# To do
Range to copy from the entries below: the line containing "オプションのチャーシューそぼ" through the line containing "Hornillo tostador Nishica", inclusive. Retype only those lines, exactly, without any images.

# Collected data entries
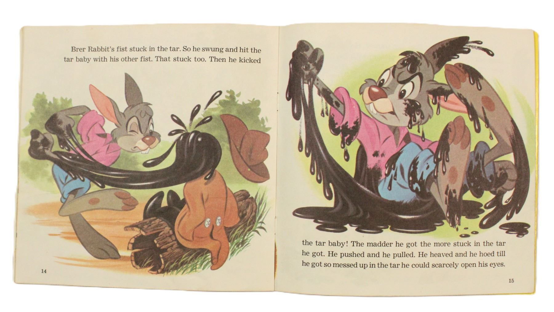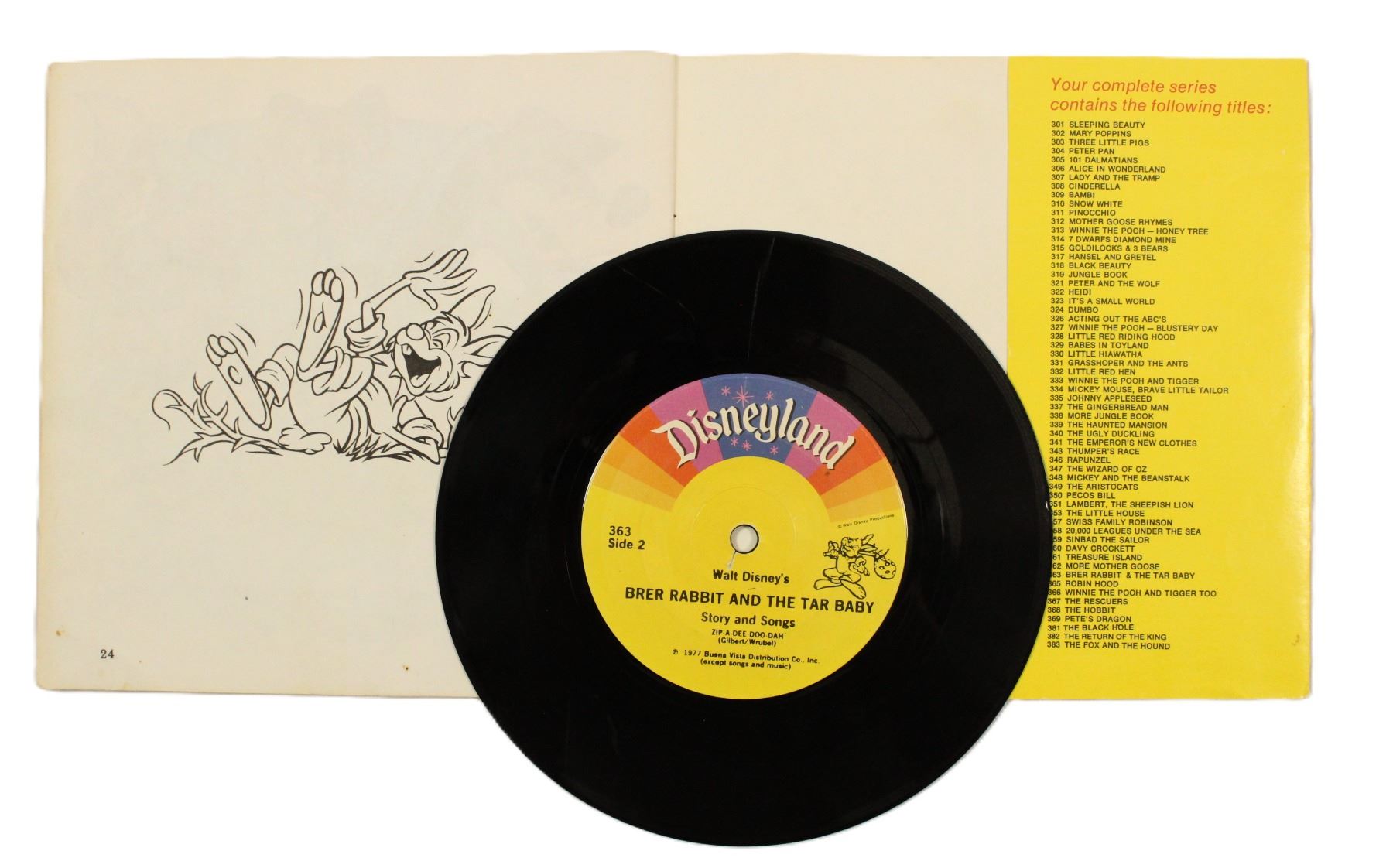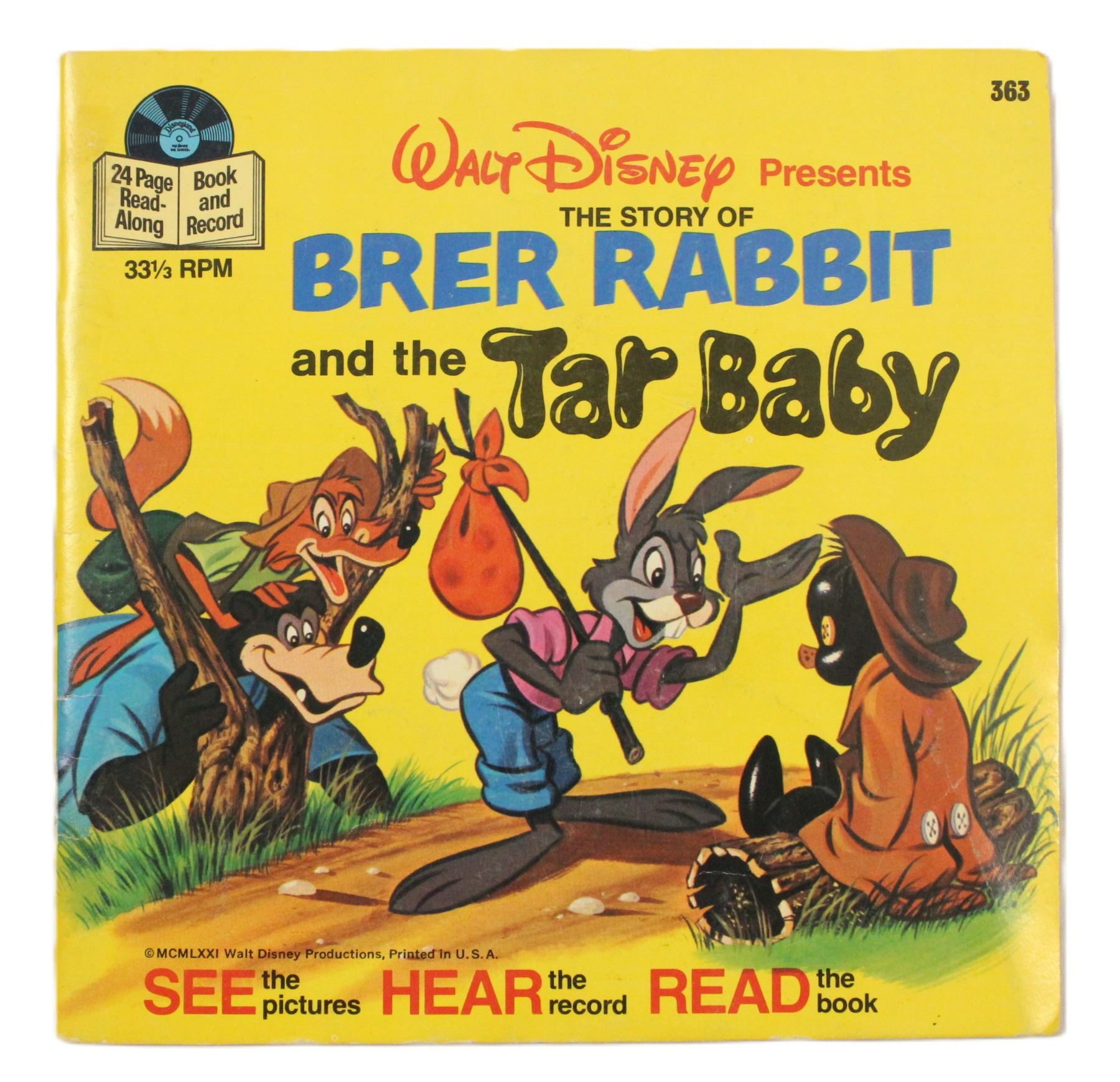 (Disney, 1971) A record with a read-along storybook telling the story of "Brer Rabbit and the Tar Baby." The twenty-four page book includes a 6.75" diameter record in the back pocket. Measuring 7.25"x 7.25" the book is in great condition with minimal wear on the cover from use. The book pages are in great condition. The record plays and is in good condition with one scratch on side 2 that causes a noticeable but non-detracting pop in the audio.
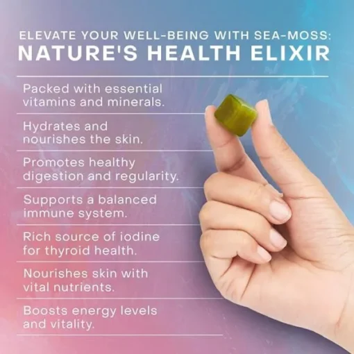 - Delicious & Convenient – Enjoy the benefits of sea moss in a tasty, candy-like gummy that’s easy to take on the go.
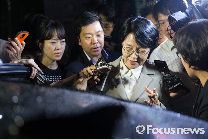 (서울=포커스뉴스) 국민의당 선거 홍보비 리베이트 수수 의혹 사건 관련 사전구속영장이 발부됐던 박선숙 국민의당 의원이 12일 오전 서울 마포구 서부지검에서 구속영장이 기각돼 귀가하고 있다.
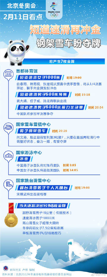 #北京冬奥会11日看点#【#短道速滑再次冲金# 钢架雪车盼夺牌】北京冬奥会11日将在7个项目中产生7枚金牌,中国军团有望在两个项目上争夺奖牌,分别是短道速滑女子1000米和男子钢架雪车。
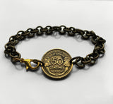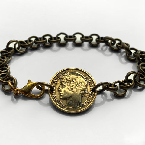 1936 France 50 Centimes French coin rolo link bracelet fashion jewelry Marianne Phrygian cap Paris Marseille Lyon Toulouse Le Havre Bordeaux Nice Strasbourg Carcassonne Nantes Lille Montpellier Dijon Rennes Reims Avignon Metz Toulon Angers Dijon b000121
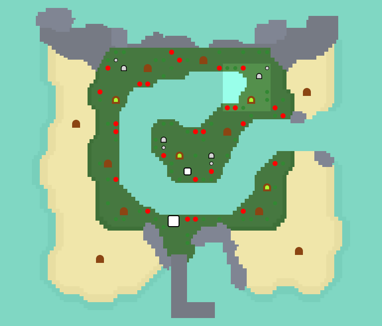 | It has almost the exact same layout as short river island #1, but with the addition of a pond in the southwest. It is part of the subset of four "starter" islands that players will randomly arrive at for their very first mystery tour. | |||
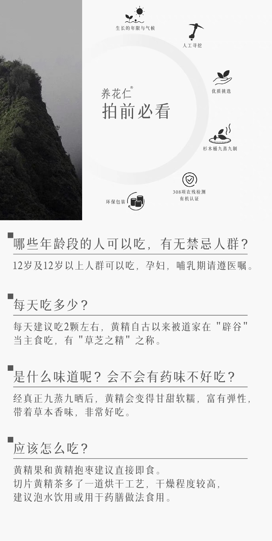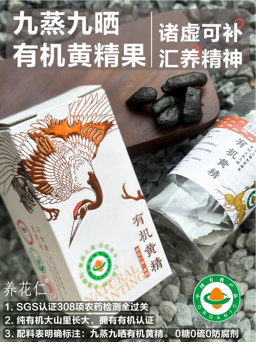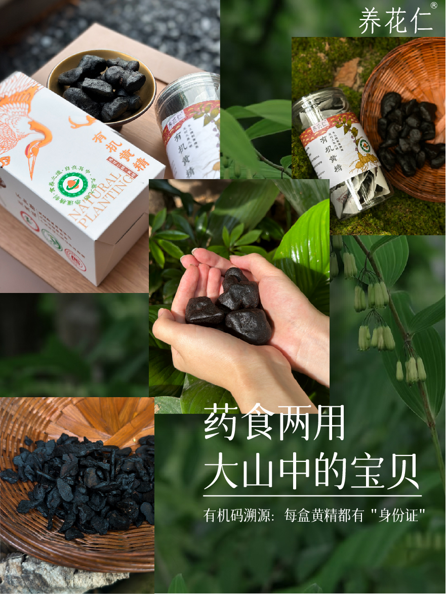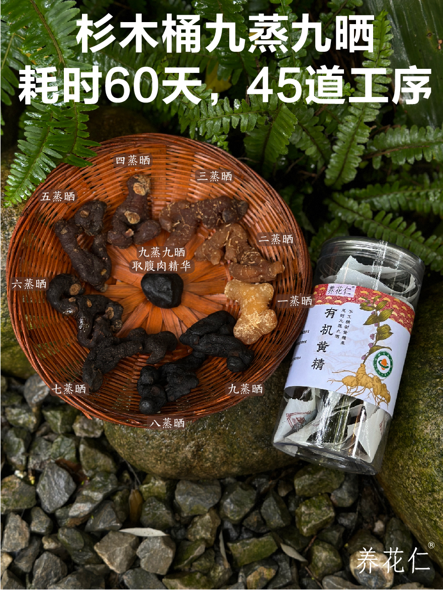 【大山中的宝贝!】养花仁 有机野生黄精200g/盒 传统衫木蒸箱 九蒸九晒45道工序,乌黑油润,肉质细腻,口感软糯甜香;有机黄精茶温和不上火,口感甘甜醇香,无茶碱,
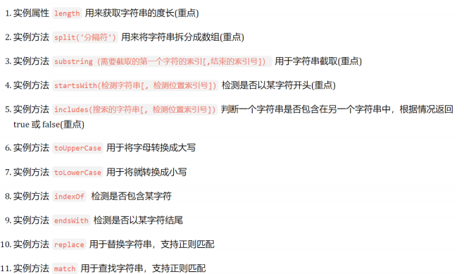 </head><body><script>//1. split 把字符串 转换为 数组 和 join() 相反// const str = 'pink,red'// const arr = str.split(',')// console.log(arr)// const str1 = '2022-4-8'// const arr1 = str1.split('-')// console.log(arr1)// 2. 字符串的截取 substring(开始的索引号[, 结束的索引号])// 2.1 如果省略 结束的索引号,默认取到最后// 2.2 结束的索引号不包含想要截取的部分// const str = '今天又要做核酸了'// console.log(str.substring(5, 7))// 3. startsWith 判断是不是以某个字符开头// const str = 'pink老师上课中'// console.log(str.startsWith('pink'))// 4. includes 判断某个字符是不是包含在一个字符串里面const str = '我是pink老师'console.log(str.includes('pink')) // true</script>
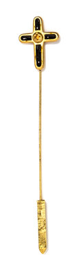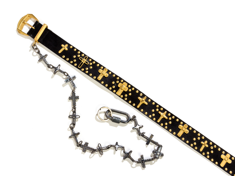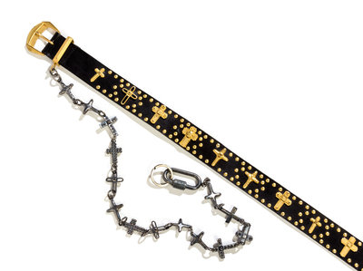1990s,with goldtone grommets and assorted decorative crosses and an attached metal cross chain with a key ring; together with a coordinating cross stick pin.Stamped: Gianni Versace.
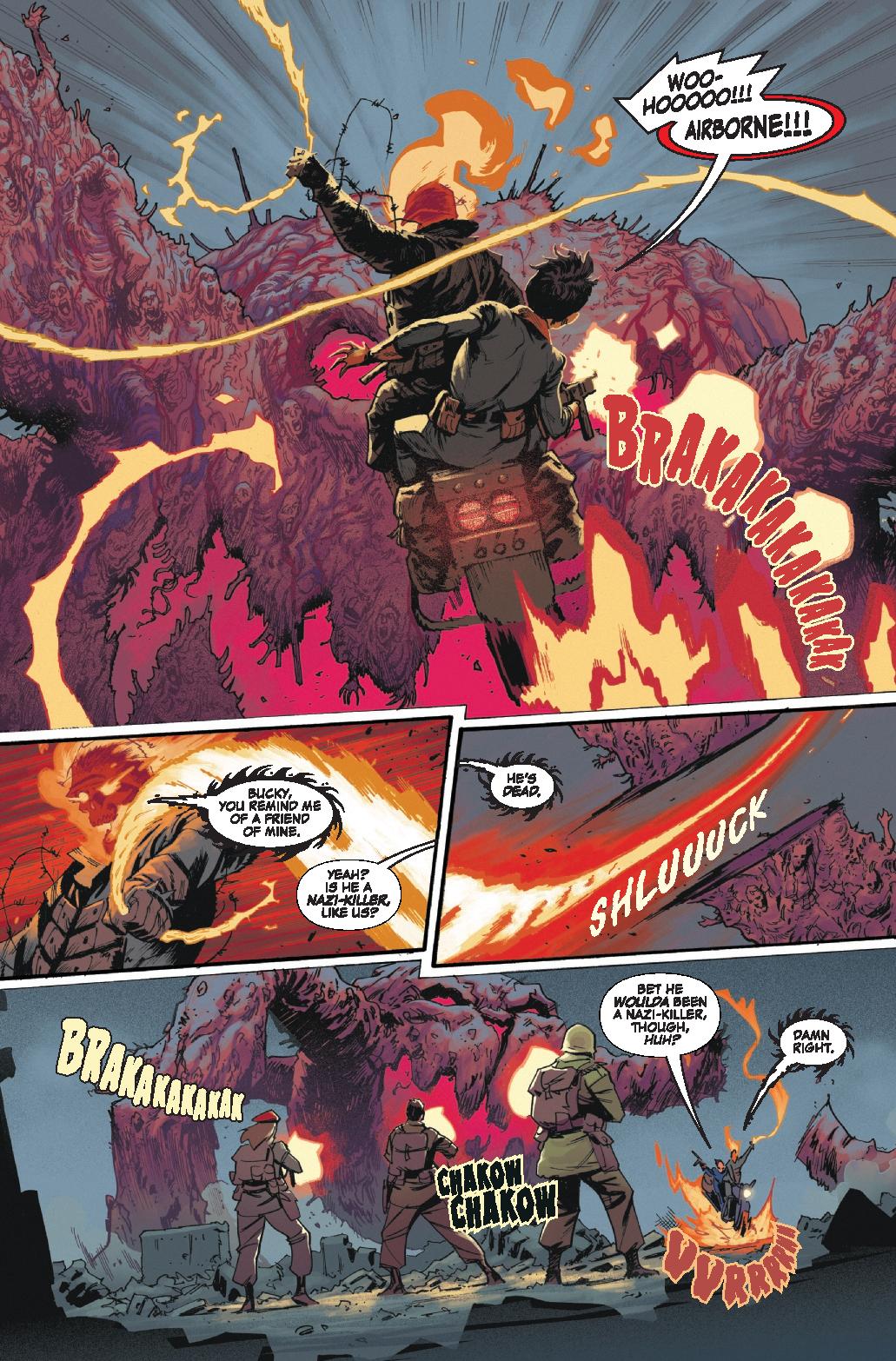 Written by Phillip Kennedy Johnson, Hellhunters #1 does a solid job in introducing its hero and villains and infusing the horror genre with war comics. It’s very much an introduction quickly taking us through the two origins both of which don’t have much in depth but really, it’s not needed. The Nazis make a deal with a devil and a dying soldier makes a deal to come back as Ghost Rider. Beyond that, that’s all we really need to know. The two sequences that lead to each of those moments are solid and in some way hit some cliches but still are more than entertaining in a pop sense.
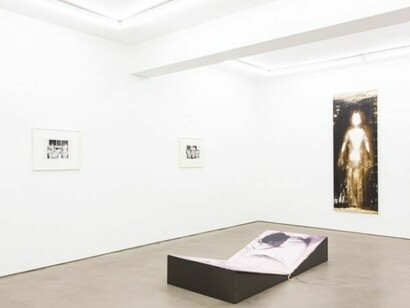 The exhibition continues with photographic works produced after this period with largescale polaroids such as ‘Whisper’ (1993), in which the artists stands soberly with the shards of a vessel shattered at his feet. The artist's continued questioning of both his own, and human, identity finds symbolic expression in the exhibitions most recent works; ‘Sweet Water, Salt Water - Romancing a Paradox’ and ‘I-con (glass of water)’, (both 2012) see the artist substitute the presence of his body with that of a single glass of water.
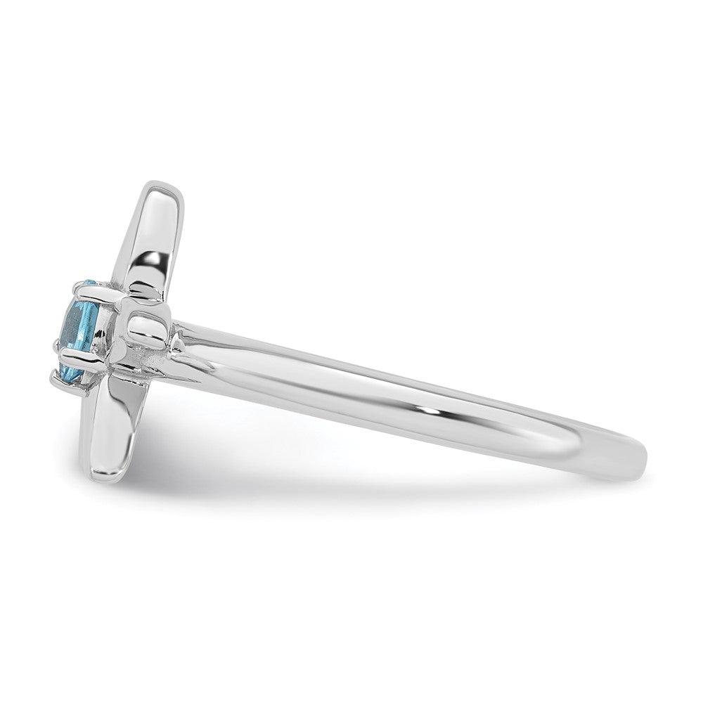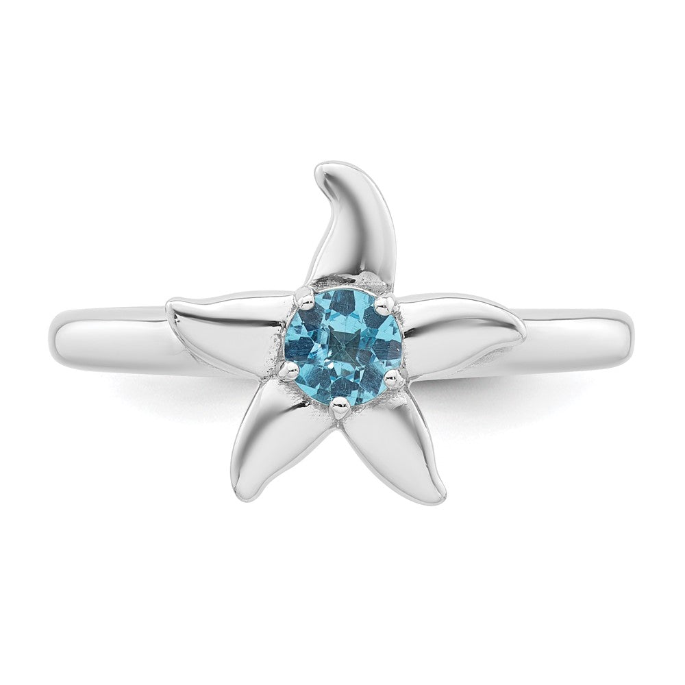 Sterling Silver Rhodium-plated Polished Round Light Swiss Blue Topaz Starfish Ring
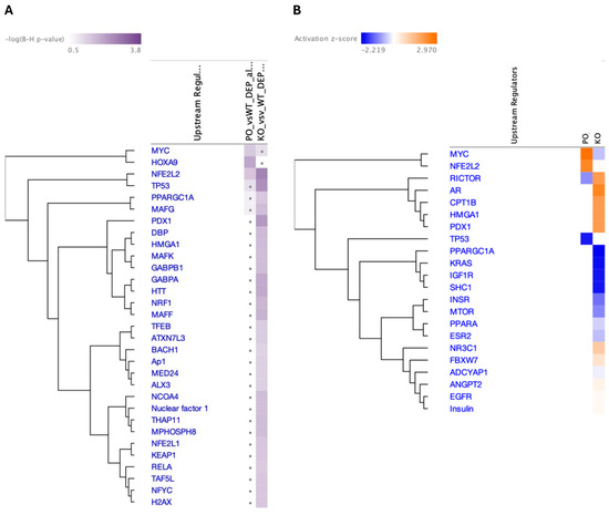 The predicted top three upstream transcriptional regulators in PKO NAc identified by the IPA as significantly changed (p < 0.05) were nuclear factor-2 (NRF2 or NFE2L2), TP53, and PDX1 (Figure 8A). Other significant transcription factors included those regulating energy metabolism, differentiation, and gene expression (Benjamini–Hochberg [B-H] p <0.05), including THAP11 (Ronin), a transcription factor regulating the expression of genes required for mitochondrial function, including parkin and genes coding for the components of the ETC. Only three transcriptional regulators were identified as significant (B-H p <0.05) in PO NAc: HOXA9, MYC, and NRF2. MYC was upregulated in PO NAc and downregulated in PKO NAc (Figure 8B). TP53 and PDX1 were identified as highly significant in PKO rats, while MYC and HOXA9 were identified as highly significant in PO rats.
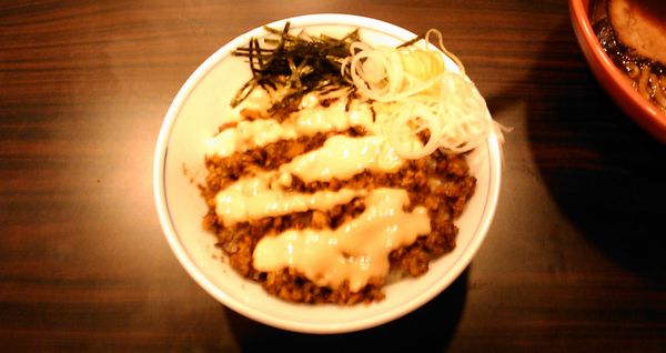 オプションのチャーシューそぼろマヨごはんもサウザンドレッシングのようなマヨネーズが多すぎて、そぼろの味がわかりません。そぼろの油っぽさに拍車をかけてちょっと気持ち悪いかな・・・(若い人やマヨラーにはうれしいのかも?)
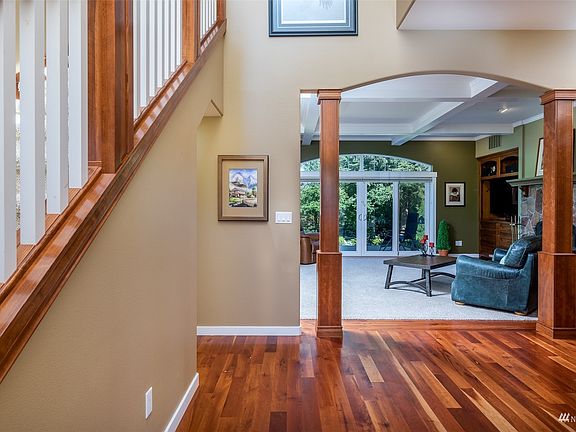 Incredible opportunity to own a very special home. Located on a beautifully landscaped storybook 1/2 ac Creekside lot in the heart of Lynden! Meticulously maintained gardens bring privacy & a sense of peace. Top quality craftsmanship - cherry floors, custom built-ins, 10' foot coffered ceilings, A/C, & an efficient wood burning fireplace for cozy winter nights. Chefs kitchen w/granite counters, butcher block island w/seating & storage, writers desk, KitchenAid double oven, brand new SS fridge & gas range. Welcoming spacious main floor owner's suite overlooking Fishtrap Creek includes a walk-in closet, double sinks, & a double headed shower. Relax on your covered patio or sit alongside the meandering creek. You may never want to leave home!
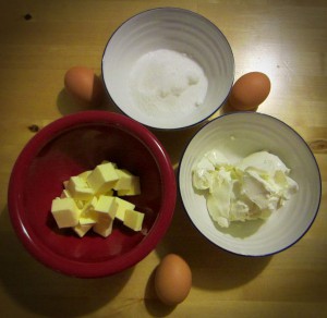 With my butter softened (not melted) in a saucepan over a gentle heat, I removed the pan from the heat and whisked in the sugar and eggs. Then I added the cream cheese and whisked the mixture until it was completely smooth.
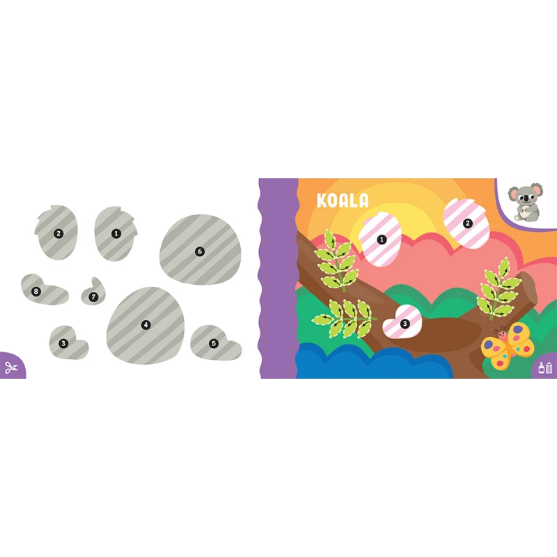 5. Poproś dziecko, by ułożyło wycięte elementy na stronie do naklejania i przykleiło je klejem.
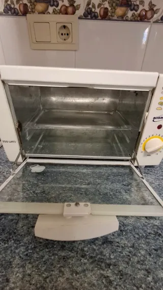 Hornillo tostador Nishica en color blanco. Ideal para preparar tus comidas. - Potencia de 350 Watts. - Puerta de cristal. - Selector de tiempo y temperatura. -Incluye bandeja de metal
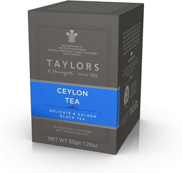 “Ceylon Tea”: questo tè di Ceylon, di alta qualità, proviene dalle Highlands occidentali di Dimbula, Sri Lanka, dove il caldo clima secco nei primi mesi dell’anno aiuta le foglie a sviluppare il loro sapore unico. È leggero e dorato con una freschezza che è quasi agrumata, giustamente acclamato come un classico.
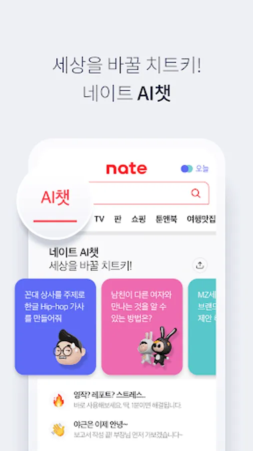On 'nate' Application you can check all the mobile services of nate and use the various and fun contents firsthand.

# Solution to this problem
 オプションのチャーシューそぼろマヨごはんもサウザンドレッシングのようなマヨネーズが多すぎて、そぼろの味がわかりません。そぼろの油っぽさに拍車をかけてちょっと気持ち悪いかな・・・(若い人やマヨラーにはうれしいのかも?)
 Incredible opportunity to own a very special home. Located on a beautifully landscaped storybook 1/2 ac Creekside lot in the heart of Lynden! Meticulously maintained gardens bring privacy & a sense of peace. Top quality craftsmanship - cherry floors, custom built-ins, 10' foot coffered ceilings, A/C, & an efficient wood burning fireplace for cozy winter nights. Chefs kitchen w/granite counters, butcher block island w/seating & storage, writers desk, KitchenAid double oven, brand new SS fridge & gas range. Welcoming spacious main floor owner's suite overlooking Fishtrap Creek includes a walk-in closet, double sinks, & a double headed shower. Relax on your covered patio or sit alongside the meandering creek. You may never want to leave home!
 With my butter softened (not melted) in a saucepan over a gentle heat, I removed the pan from the heat and whisked in the sugar and eggs. Then I added the cream cheese and whisked the mixture until it was completely smooth.
 5. Poproś dziecko, by ułożyło wycięte elementy na stronie do naklejania i przykleiło je klejem.
 Hornillo tostador Nishica en color blanco. Ideal para preparar tus comidas. - Potencia de 350 Watts. - Puerta de cristal. - Selector de tiempo y temperatura. -Incluye bandeja de metal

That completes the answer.